On Sun, Mar 28, 2010 at 10:32 PM, Luca Berra <bluca@xxxxxxxxxx> wrote:
> On Sun, Mar 28, 2010 at 10:05:58PM +0530, Anshuman Aggarwal wrote:
>>>
>>> Michael,
>>> I am running mdadm 3.1.2 (latest stable I think) compiled from source
>>> (FYI on Ubuntu Karmic, 2.6.31-20-generic)
>>>
>>> Here is what happened....the device /dev/sda1 has failed once, but I was
>>> wondering if it was a freak accident so I tried adding it back..and then it
>>> started resyncing ...somewhere in this process...the disk /dev/sda1 stalled
>>> and the server needed a reboot.

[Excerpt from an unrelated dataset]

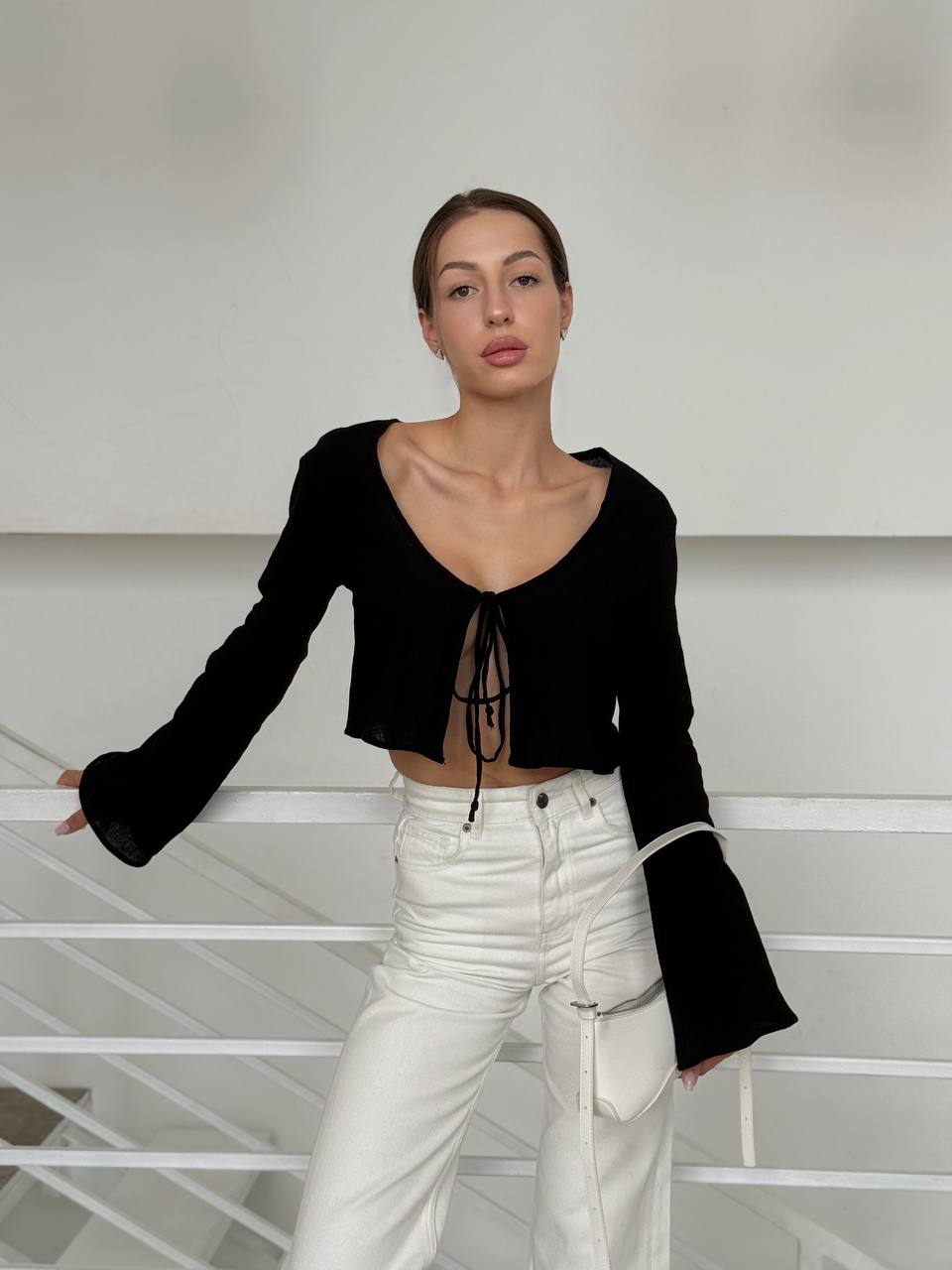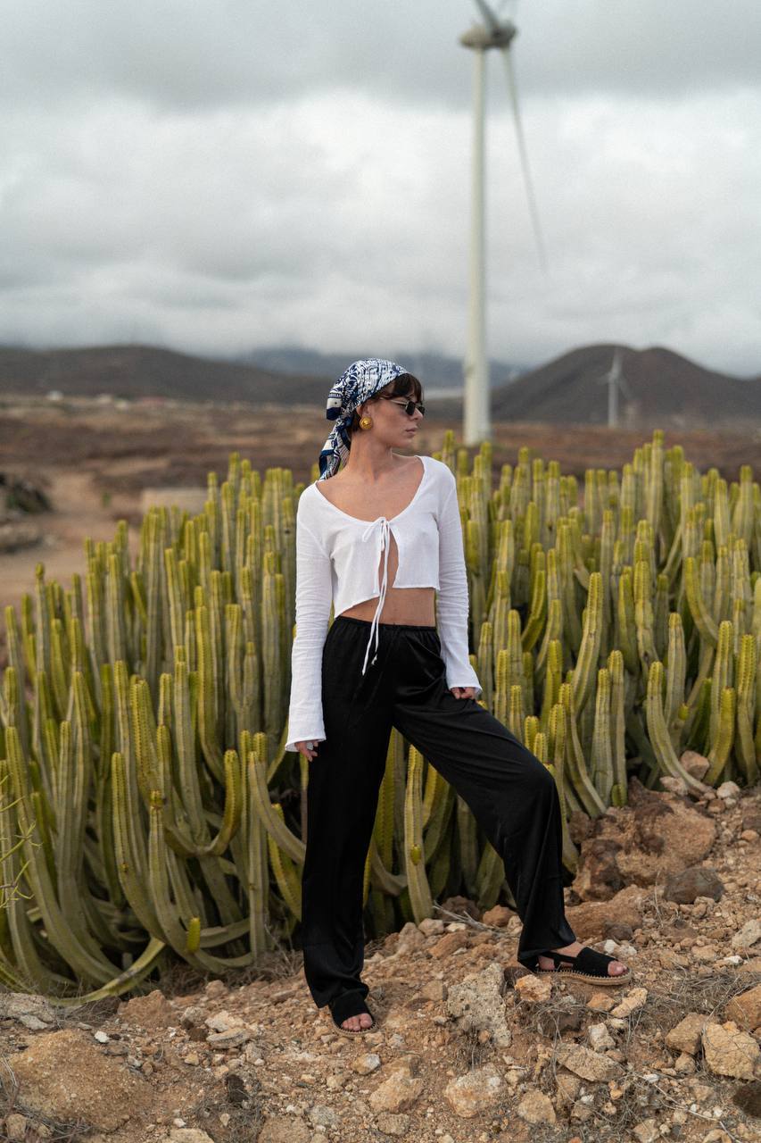 A stylish women’s tie-front shirt that combines comfort with contemporary design. It adapts easily to different looks—from casual to more elegant.

After that boot, I got 2 spares (/dev/sda1,
>>> /dev/sdd5) and 2 active devices (/dev/sdb1, /dev/sdc1)
>>>
>>> Maybe I need to do a build with a --assume-clean with the devices in the
>>> right order (which I'm positive I can remember) ...be nice if you could plz
>>> double check:
>>> mdadm --build -n 4 -l 5 -e1.2 --assume-clean /dev/md127 /dev/sda1
>>> /dev/sdb5 /dev/sdc5 /dev/sdd5
>>>
>>> Again, thanks for your time...
>>>
>>> John,
>>> I did try what you said without any luck(--assemble --force but it
>>> refuses to accept the spare as a valid device and 2 active on a 4 member
>>> device isn't good enough)
>>>
>>>
>>>
>>
>> Some more info:
>>
>> I did try this command with the following result:
>>
>> mdadm --build -n 4 -l 5 -e1.2 --assume-clean /dev/md127 /dev/sda1
>> /dev/sdb5 /dev/sdc5 /dev/sdd5
>> mdadm: Raid level 5 not permitted with --build.
>>
>> Should I try this?
>> mdadm --create -n 4 -l 5 -e1.2 --assume-clean /dev/md127 /dev/sda1
>> /dev/sdb5 /dev/sdc5 /dev/sdd5
>
> From your description above /dev/sda was the failed one, so you should
> not add it to the array. use the word "missing" in its place.
>
> L.
>
> --
> Luca Berra -- bluca@xxxxxxxxxx
>        Communication Media & Services S.r.l.
>  /"\
>  \ /     ASCII RIBBON CAMPAIGN
>  X        AGAINST HTML MAIL
>  / \
> --
> To unsubscribe from this list: send the line "unsubscribe linux-raid" in
> the body of a message to majordomo@xxxxxxxxxxxxxxx
> More majordomo info at  http://vger.kernel.org/majordomo-info.html
>

Additionally to using missing for the device you know to be a failed
one, VERY highly suggest running a check, or some read-only operation
on the resulting raid device to make sure you can read all of the
data.  Be sure to check the dmesg/system logs to make sure that there
were no noted storage errors.  If there were not, it is /probably/
safe to re-add the previously failed disk and resync it.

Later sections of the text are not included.